--- TASK OBJECTIVE ---
Everything in the entries below should be restated exactly, except for the pictures.

--- SUPPLIED DATA ---
★ ★ ★ ★ ★ ★ ★

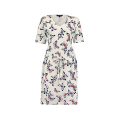 Deze jurk combineert comfort met stijl dankzij de relaxed fit. Het mooie vlinderpatroon in frisse blauw- en groentinten komt perfect tot zijn recht op de lichte achtergrond, waardoor het een echte blikvanger is. Vervaardigd uit een zachte stof, biedt deze jurk een fijne pasvorm en bewegingsvrijheid. Het praktische strikdetail in de taille zorgt voor een subtiele, flatterende afwerking.
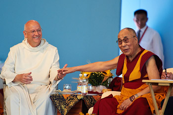 His Holiness the Dalai Lama with his old Fr. Laurence Freeman, Director of The World Community for Christian Meditation, during the program at Istituto Lama Tzong Khapa (ILTK) in Pomaia, Tuscany, Italy on June 13, 2014. Photo/Olivier Adam
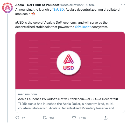Sponsored“Hoy, 9 de febrero de 2022, se lanzó Acala Dollar (aUSD) y está disponible para acuñar utilizando DOT y LCDOT como colateral. La economía aUSD se enciende oficialmente”.
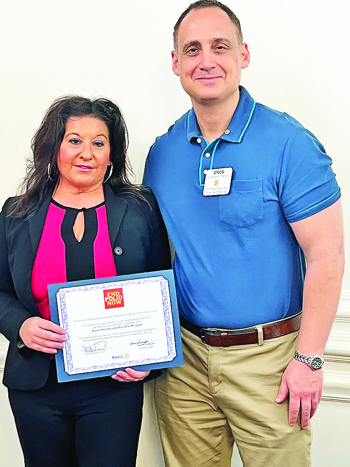 Following her talk, RCCG president Greg Petrino presented her with a certificate showing the club had donated polio vaccinations for 10 children in her name.
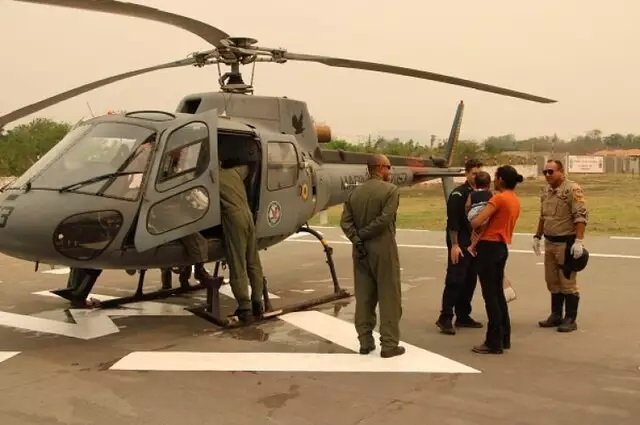 A aeronave do 1º Esquadrão de Helicópteros de Emprego Geral do Oeste (EsqdHU-61) foi quem fez o resgate da criança, que foi acompanhada pela mãe ao hospital.
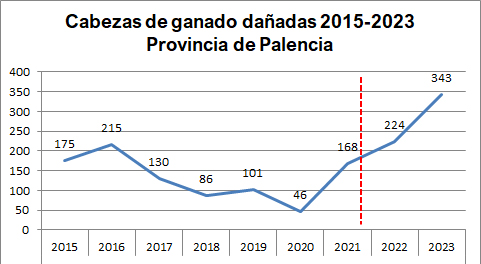 Los datos y los gráficos que aparecen al final de esta información muestran cómo claramente se disparan los casos de ataques de lobo a la ganadería palentina, así como las muertes de cabezas ocasionadas en el último bienio, y especialmente en 2023, como sucede en otras provincias de Castilla y León, lo que revela que la especie no se está extinguiendo, ni mucho menos.
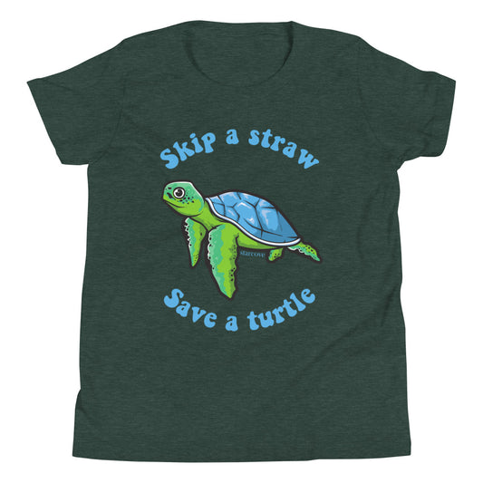 Skip A Straw Save A Turtle Shirt, Teen Tween Girl, Sea Turtle Beach Ocean Lover Gift Youth Kids Aesthetic Short Sleeve T-Shirt
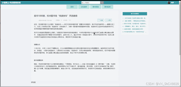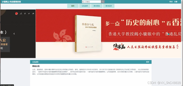 首页: 展示最新的公告消息和图书资讯,引导用户进入相关功能模块。

★ ★ ★ ★ ★ ★ ★

--- ANSWER FOR THE TASK ---
 Deze jurk combineert comfort met stijl dankzij de relaxed fit. Het mooie vlinderpatroon in frisse blauw- en groentinten komt perfect tot zijn recht op de lichte achtergrond, waardoor het een echte blikvanger is. Vervaardigd uit een zachte stof, biedt deze jurk een fijne pasvorm en bewegingsvrijheid. Het praktische strikdetail in de taille zorgt voor een subtiele, flatterende afwerking.
 His Holiness the Dalai Lama with his old Fr. Laurence Freeman, Director of The World Community for Christian Meditation, during the program at Istituto Lama Tzong Khapa (ILTK) in Pomaia, Tuscany, Italy on June 13, 2014. Photo/Olivier Adam
Sponsored“Hoy, 9 de febrero de 2022, se lanzó Acala Dollar (aUSD) y está disponible para acuñar utilizando DOT y LCDOT como colateral. La economía aUSD se enciende oficialmente”.
 Following her talk, RCCG president Greg Petrino presented her with a certificate showing the club had donated polio vaccinations for 10 children in her name.
 A aeronave do 1º Esquadrão de Helicópteros de Emprego Geral do Oeste (EsqdHU-61) foi quem fez o resgate da criança, que foi acompanhada pela mãe ao hospital.
 Los datos y los gráficos que aparecen al final de esta información muestran cómo claramente se disparan los casos de ataques de lobo a la ganadería palentina, así como las muertes de cabezas ocasionadas en el último bienio, y especialmente en 2023, como sucede en otras provincias de Castilla y León, lo que revela que la especie no se está extinguiendo, ni mucho menos.
 Skip A Straw Save A Turtle Shirt, Teen Tween Girl, Sea Turtle Beach Ocean Lover Gift Youth Kids Aesthetic Short Sleeve T-Shirt
 首页: 展示最新的公告消息和图书资讯,引导用户进入相关功能模块。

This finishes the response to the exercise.